Similarly, Uber’s quarterly gross profit fell from $1.757 billion on 31 March 2020 to $989 million on 30 June 2020, to $1.515 billion on 30 September 2020. Overall, Uber’s quarterly revenues fell from $3.543 billion on 31 March 2020 to $2.241 billion on 30 June 2020 and $3.129 billion on 30 September 2020.

In comparison, Uber’s quarterly operating cash flow fell from -$463 million on 31 March 2020 to $1.071 billion on 30 June 2020 to -$406 million on 30 September 2020. Moreover, Uber’s quarterly ending cash flow fell from $9.529 billion on 31 March 2020 to -$1.428 billion on 30 June 2020 to -$335 million on 30 September 2020.

Additionally, Uber is borrowing more money. Uber’s quarterly financing cash flow grew from -$63 million on 31 March 2020 to $118 million on 30 June 2020 to $428 million on 30 September 2020. Plus, Uber’s long-term debt grew from $5.703 billion on 31 March 2020 to $6.69 billion on 30 June 2020 and fell to $6.667 billion on 30 September 2020.

Finally, Uber’s total liabilities fell from $18.062 billion on 31 March 2020 to $18.001 billion on 30 June 2020. However, the total liabilities rose to $19.261 billion on 30 September 2020.

What Value Does Uber have?

Given these numbers, I think Uber will need to grow its delivery business fast to survive. Uber (UBER) still retains some value, however, Uber is losing value.

For example, Uber had $7.504 billion in cash and short-term investments on 30 September 2020. The cash and short-term investments fell from $11.114 billion on 31 March 2020 to $9.662 billion on 30 June 2020.

In comparison, Uber’s total assets fell from $30.09 billion on 31 March 2020 to $28.24 billion on 30 June 2020 to $28.894 billion on 30 September 2020. Hence, Uber has lost value in 2020.

Is Uber a good stock?

Strangely, Uber’s stock price rose as its value and revenues fell.
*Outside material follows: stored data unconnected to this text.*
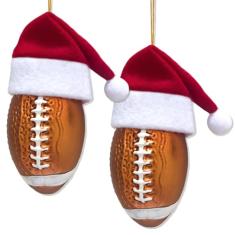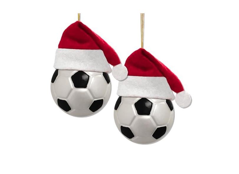 Ushinemi Conjunto de 2 enfeites de futebol para árvore de Natal, enfeites de Natal de futebol de vidro 2024 em chapéu de Papai Noel, decoração de pendurar de Natal, enfeite de vidro soprado
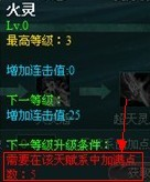 火灵:最高等级3级,增加角色连击25/50/75,需分配天道系天赋点数5点。
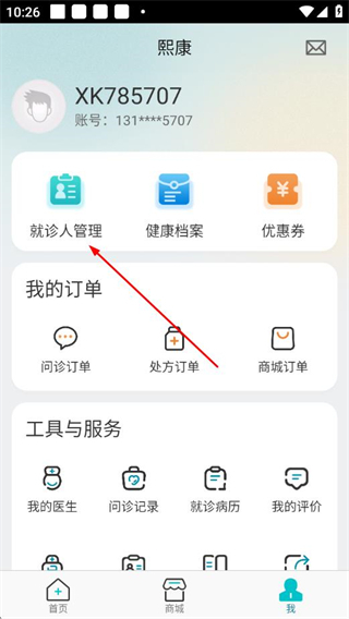2、在个人中心页面点击就诊人管理选项,进入就诊人列表页面。

For instance, Mr. Market paid $34.01 for Uber on 10 January 2020 and fell to $31.10 on 11 June 2020.

Conversely, Uber’s share price rose to $58.54 on 12 January 2020. Thus, Mr. Market is paying more money for a company that is worthless. Hence, Mr. Market is insane.

Obviously, I think investors need to avoid Uber (NYSE: UBER) because Mr. Market overprices. Despite the high price, I think Uber could survive and make money in the future. Investors need to watch Uber and use Uber Eats to order dinner, while staying far away from Uber stock.